> **Records for the task**
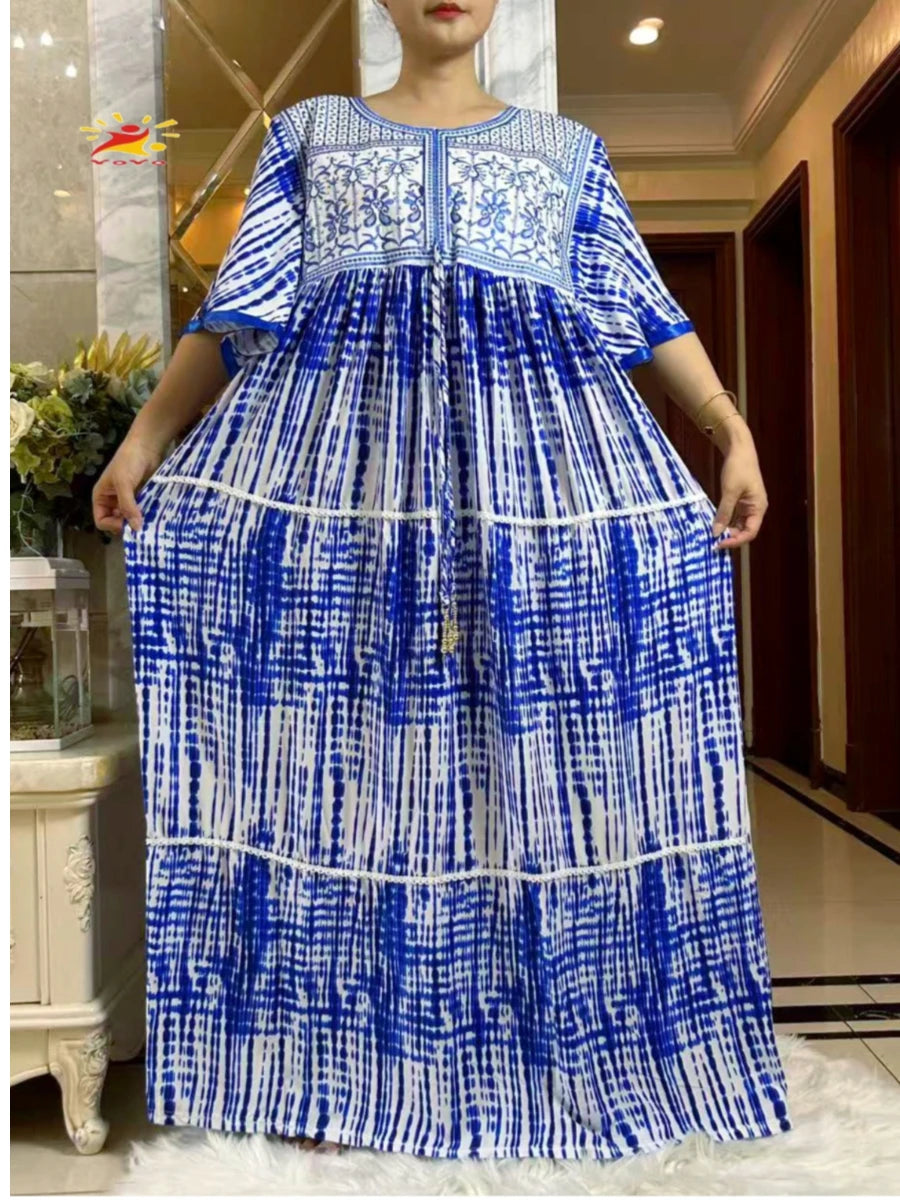 2025 New Muslim Abaya Summer Dress Short Sleeve Collect Waist Floral Loose Boubou Maxi Islam Women Dress African Abaya Clothing
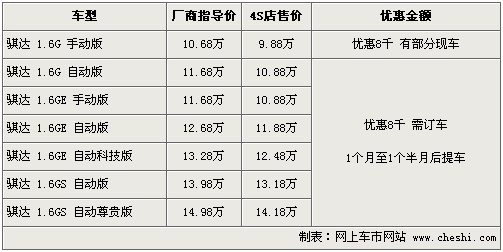 東風(fēng)日產(chǎn)的兩款主力經(jīng)濟(jì)型轎車騏達(dá)、頤達(dá)于05年上市,并于07底、08年初兩款車完成了小改款及升級(jí)方案,憑借其寬敞的車內(nèi)空間以及出色的動(dòng)力性能博得了不少消費(fèi)者的喜愛(ài)。根據(jù)網(wǎng)上車市價(jià)格監(jiān)測(cè)系統(tǒng)顯示,近日騏達(dá)、頤達(dá)兩款車全系車型現(xiàn)金優(yōu)惠8千元,最低售價(jià)9.88萬(wàn)元,具體詳情請(qǐng)看下表:
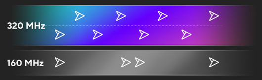 WiFi 7 在 6 GHz 頻段引入全新的超寬 320 MHz 頻道頻寬,將數據傳輸容量加倍。
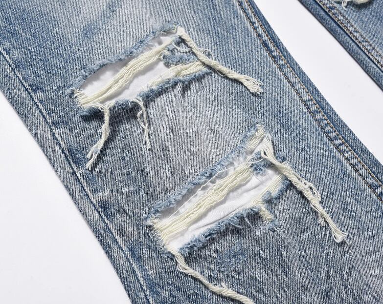 大胆に施された破れ加工と、絶妙な色落ちがトレンド感を演出します。
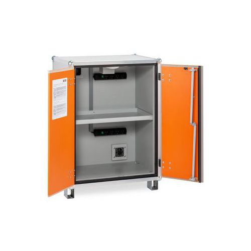 Skapet gir tidlig advarsel ved skader på litiumbatterier og følger alle relevante sikkerhetsforskrifter for lading av slike batterier.
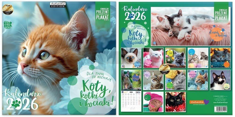 Kalendarz 2026 Koty, kotki i kociaki Kwadratowy kalendarz ścienny na rok 2026 z serii "Koty, kotki i kociaki". Każdy miesiąc przyozdabia zdjęcie kociaka, który będzie wspaniałą ozdobą Waszego domu. Taki kalendarz to idelany prezent dla miłośników kotów. Kalendarz po rozłożeniu ma wymiary 30x60 cm - górny kwadrat wypełnia zdjęcie, a dolny kalendarium. PREZENT: na środku kalendarza znajdziecie plakat ze zdjęciem kociaka o wymiarach 30x 60 cm Specyfikacja: Wielkość: 30 x 30 cm (po rozłożeniu 30 x 60 cm) Gratis: plakat Styl: cytaty, nowoczesny, klasyczny, zdjęciowy
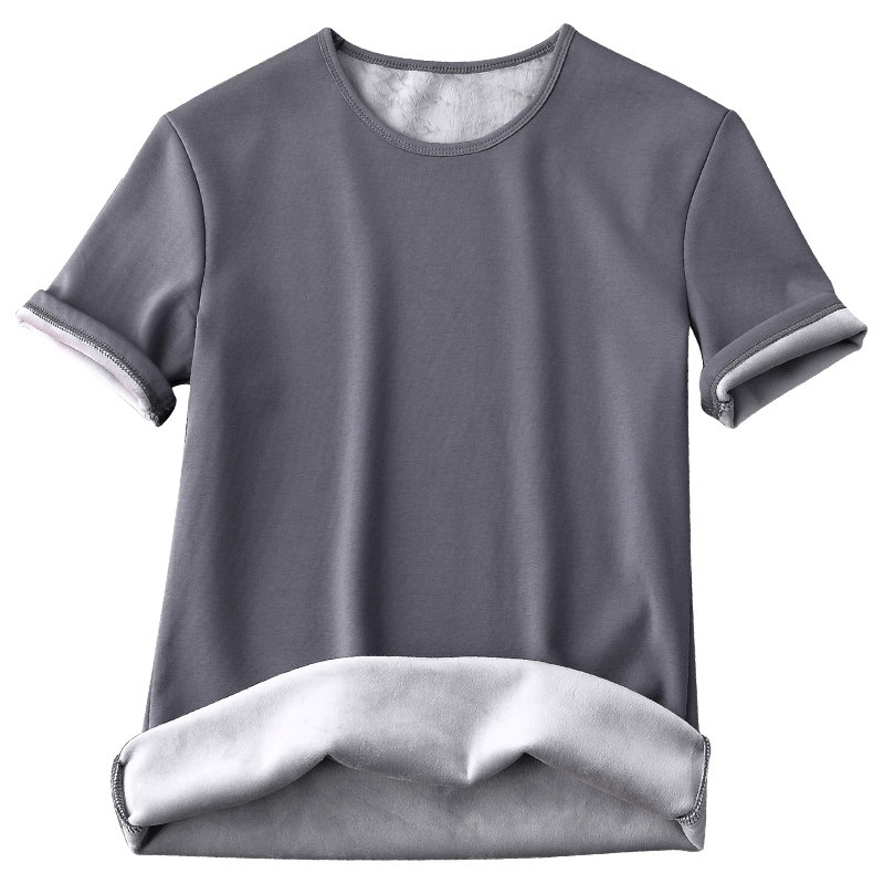 加绒加厚修身圆领短袖男T恤冬季保暖内搭半袖打底衫体恤上衣I白色
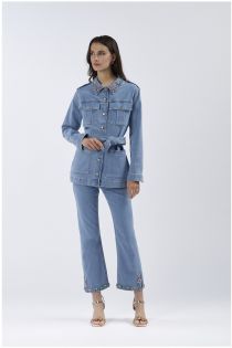 Field jacket made of comfort denim. the collar is embellished with an exclusive rich embroidery of multi-coloured rhinestones. long sleeves
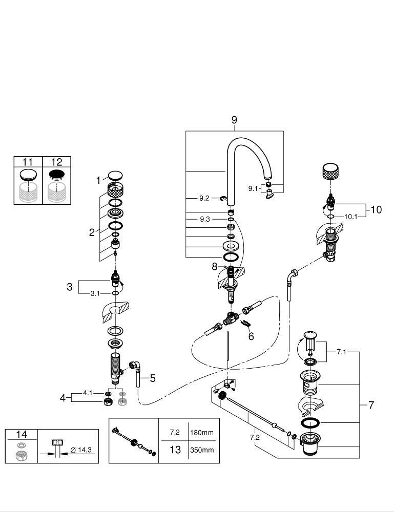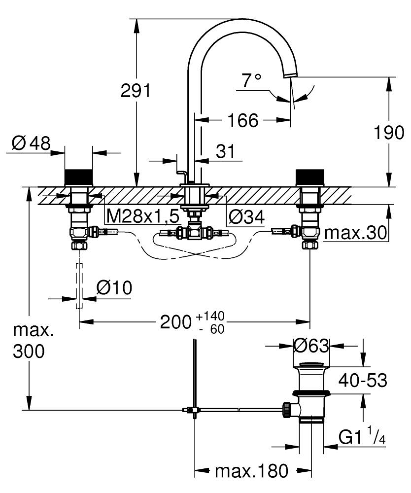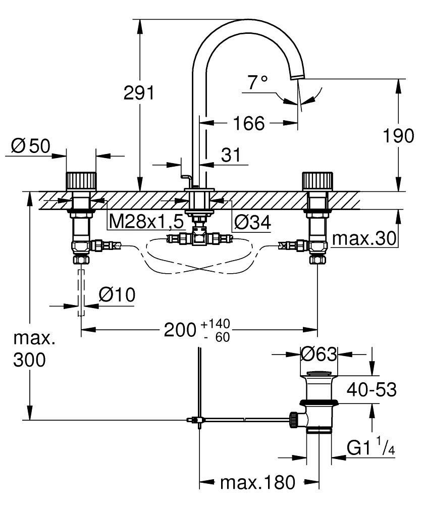 - Opbouwhoogte onderkant kraanmondstuk: 190 mm
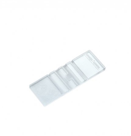 Площадка камеры, расположенная посередине, разделяется на две, каждая имеет сетку Горяева, нанесенную гравировкой. С обеих сторон находятся две другие - они предназначены для притирания покровного стекла. После притирания такого стекла создается камера типа Горяева. С двух сторон она закрыта, а с пары других - оставлены щели для заполнения.

> **About this task**
Write out all the entries word for word, but skip any images.

> **Response area**
 2025 New Muslim Abaya Summer Dress Short Sleeve Collect Waist Floral Loose Boubou Maxi Islam Women Dress African Abaya Clothing
 東風(fēng)日產(chǎn)的兩款主力經(jīng)濟(jì)型轎車騏達(dá)、頤達(dá)于05年上市,并于07底、08年初兩款車完成了小改款及升級(jí)方案,憑借其寬敞的車內(nèi)空間以及出色的動(dòng)力性能博得了不少消費(fèi)者的喜愛(ài)。根據(jù)網(wǎng)上車市價(jià)格監(jiān)測(cè)系統(tǒng)顯示,近日騏達(dá)、頤達(dá)兩款車全系車型現(xiàn)金優(yōu)惠8千元,最低售價(jià)9.88萬(wàn)元,具體詳情請(qǐng)看下表:
 WiFi 7 在 6 GHz 頻段引入全新的超寬 320 MHz 頻道頻寬,將數據傳輸容量加倍。
 大胆に施された破れ加工と、絶妙な色落ちがトレンド感を演出します。
 Skapet gir tidlig advarsel ved skader på litiumbatterier og følger alle relevante sikkerhetsforskrifter for lading av slike batterier.
 Kalendarz 2026 Koty, kotki i kociaki Kwadratowy kalendarz ścienny na rok 2026 z serii "Koty, kotki i kociaki". Każdy miesiąc przyozdabia zdjęcie kociaka, który będzie wspaniałą ozdobą Waszego domu. Taki kalendarz to idelany prezent dla miłośników kotów. Kalendarz po rozłożeniu ma wymiary 30x60 cm - górny kwadrat wypełnia zdjęcie, a dolny kalendarium. PREZENT: na środku kalendarza znajdziecie plakat ze zdjęciem kociaka o wymiarach 30x 60 cm Specyfikacja: Wielkość: 30 x 30 cm (po rozłożeniu 30 x 60 cm) Gratis: plakat Styl: cytaty, nowoczesny, klasyczny, zdjęciowy
 加绒加厚修身圆领短袖男T恤冬季保暖内搭半袖打底衫体恤上衣I白色
 Field jacket made of comfort denim. the collar is embellished with an exclusive rich embroidery of multi-coloured rhinestones. long sleeves
 - Opbouwhoogte onderkant kraanmondstuk: 190 mm
 Площадка камеры, расположенная посередине, разделяется на две, каждая имеет сетку Горяева, нанесенную гравировкой. С обеих сторон находятся две другие - они предназначены для притирания покровного стекла. После притирания такого стекла создается камера типа Горяева. С двух сторон она закрыта, а с пары других - оставлены щели для заполнения.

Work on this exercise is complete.